If you watched the first Democratic Presidential candidates debate for a discussion of the candidates’ positions on trade, you are likely to be disappointed. The differences among the Democratic candidates and between them and President Trump will undoubtedly emerge as the campaign proceeds, but the first round of debates shed little light on their positions.
The first night’s debate lacked any questions on trade by the moderators, but a few of the candidates mentioned “China” when asked about the largest geopolitical threat facing the United States. Congressman Tim Ryan (OH) was the most explicit in his remarks singling out China as an economic threat. He and several other candidates talked about manufacturing jobs, but there was little in the way of connecting trade and jobs.
On the second night, moderator Lester Holt of NBC asked a question about trade, but only three candidates had a chance to answer before the debate was halted for a break.
Senator Bennet of Colorado said that China is a big problem, but argued that the best way to deal with China was to unite with our allies. Andrew Yang focused on China’s intellectual property theft, but said that imposing tariffs to address the Chinese behavior is a mistake. Mayor Pete Buttigieg stated that the Chinese government is using technology in the pursuit of authoritarianism. He mentioned as well that the Chinese are trying to dominate certain technologies. That said, he criticized the use of tariffs, which he referred to as a tax, and he said the tariffs have hurt farmers.

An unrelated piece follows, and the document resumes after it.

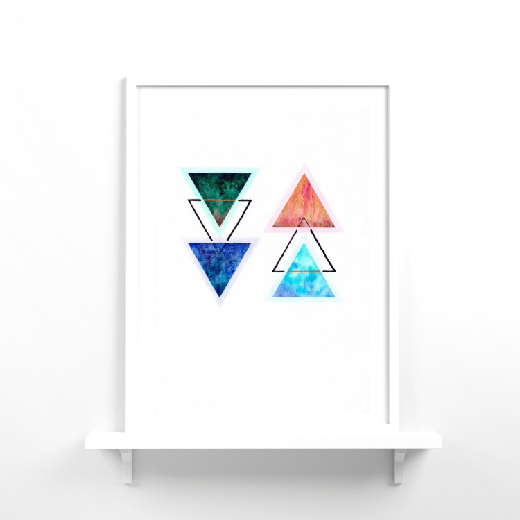 Cleverly incorporating symbols for the elements earth, water, fire and air, this print centres us back in nature and creation.

Missing from the first two nights were comments by the candidates leading in the polls. At some point in the campaign, perhaps in the next debate, former Vice President Biden and the other candidates will engage in a discussion of the trade policies of the Obama Administration, which proved to be somewhat sensitive for former Secretary of State Hilary Clinton when she was campaigning against candidate Trump. By way of background, in the 2008 Democratic primary campaigns, then-candidate Obama built up a lead with wins in the early primary states. When the campaign moved to the Midwest industrial states, then-candidate Clinton staked out a more hard-line trade policy that contrasted with the more free-trade policies of Sen. Obama. In doing so, she, her approach was also a contrast with President Clinton’s free trade actions, including NAFTA. Ultimately, Mr. Obama moved a little closer to former Sen. Clinton’s positions and went on to win the presidency. Notably, trade was not a particularly contentious issue in the campaign, as former Senator McCain, the Republican nominee was more free trade oriented than Sen. Obama. By the time of the 2016 campaign, however, trade was front and center. The Republican nominee, Mr. Trump, hammered former Secretary Clinton for referring to the Transpacific Partnership Agreement as the “Gold Standard” for trade agreements and being weak on trade generally. While Secretary Clinton tried to back away from that early support for the TPP, it was an issue that Mr. Trump emphasized, particularly in the Midwest industrial states, and proved costly there. If former Vice-President Biden is the Democratic nominee, President Trump will surely be raising the TPP issue as well as the other policies of the Obama Administration. As mentioned, it is likely that the debate over those policies will begin among the Democrats first. It will be a delicate issue as Democrats do not want to be seen as criticizing the Obama Administration, but do not want to give President Trump any openings.
The trade debate is unlikely to be boring–or largely absent, as it was for the first debates.